The same month, activists with Navalny's team spotted an online advertisement offering 1,000 rubles for signatures. Following the advertisement led the activists to an office where signatures were allegedly being falsified in industrial quantities to support United Russia's "independent" candidates.

Navalny's activists found and filmed a similar operation in support of the United Russia candidate for governor of St. Petersburg, Aleksandr Beglov.

Tools Of Control

Moscow authorities are reportedly using other tools to control the political crisis around the election. Rejected would-be candidates have been repeatedly arrested for participating in unsanctioned demonstrations, often being rearrested just moments after being released on a previous charge.

Navalny himself has alleged that he was poisoned while he was being held. He spent 19 hours in the hospital being treated for what officially was called "an allergic reaction."
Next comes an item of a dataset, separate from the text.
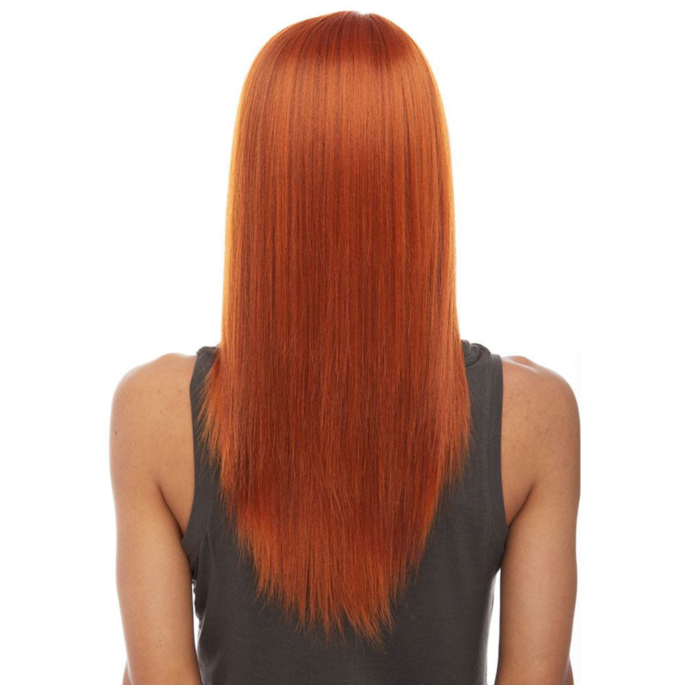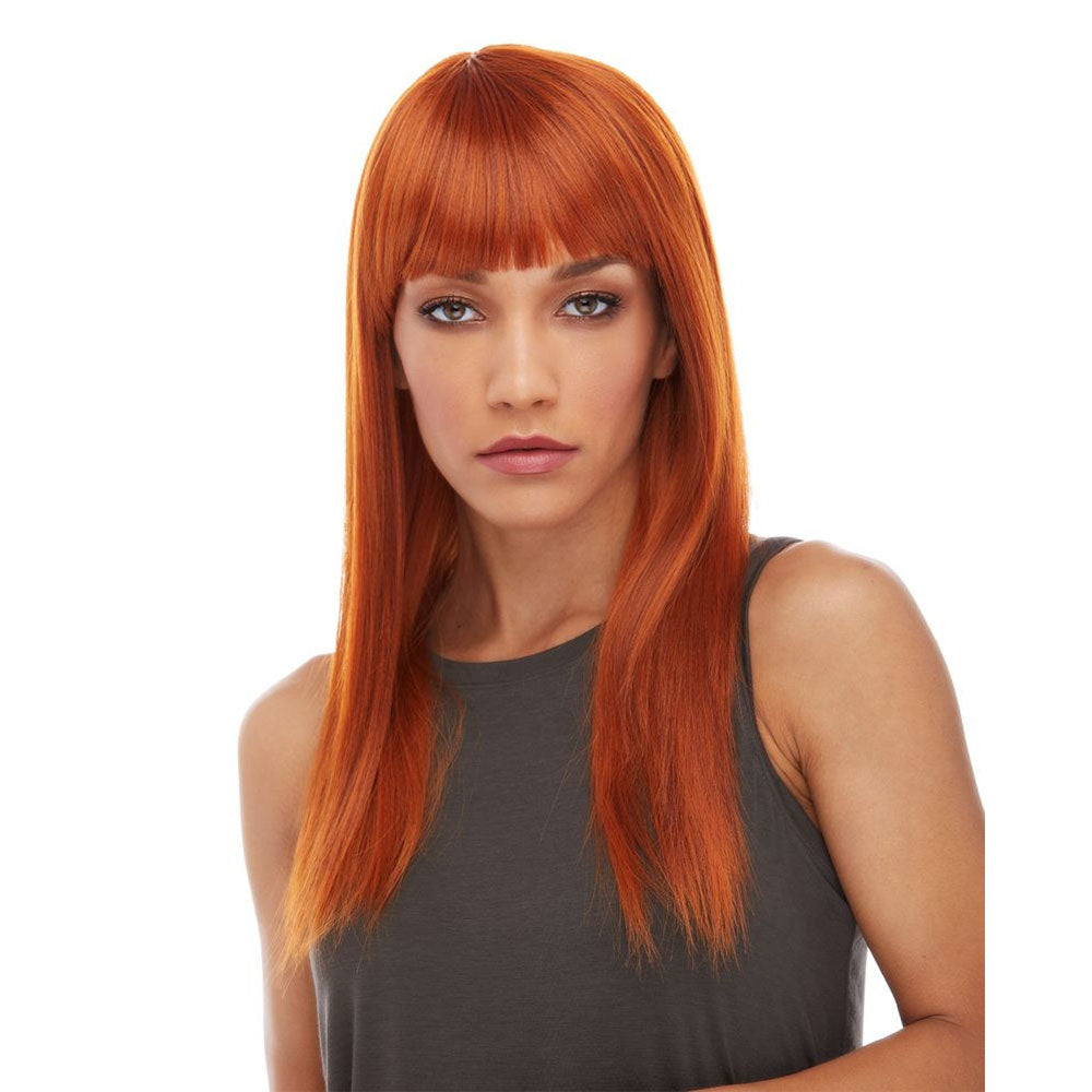 La perruque Hailey dispose de longs cheveux synthétiques. Sa coupe se caractérise par sa frange droite ainsi que ses longs cheveux effilés. Son teint cuivré lui donne beaucoup de brillance. Par ailleurs, il s'agit d'une perruque heat safe que l'on peut coiffer selon ses préférences.

After rejecting an opposition request to hold a demonstration against the rejection of the independent candidates on Moscow's Sakharov Avenue on August 24, the city authorities organized a concert there, supposedly in honor of the 350th anniversary of the Russian flag. The Flag Day holiday, however, was on August 22, and the tricolor flag was first flown in 1667 or 1668, meaning the 350th anniversary has already passed.

Nonetheless, the city administration is reportedly pressuring budget-sector organizations such as schools and hospitals to compel staff to attend the event.

On August 22, the Moscow metro system filed a lawsuit against Navalny and several of the rejected would-be candidates seeking compensation for losses allegedly incurred during the recent demonstrations, when police restricted access to public transport. Earlier the city companies that run the bus lines and that oversee the roads also filed similar suits.

RFE/RL has been declared an "undesirable organization" by the Russian government.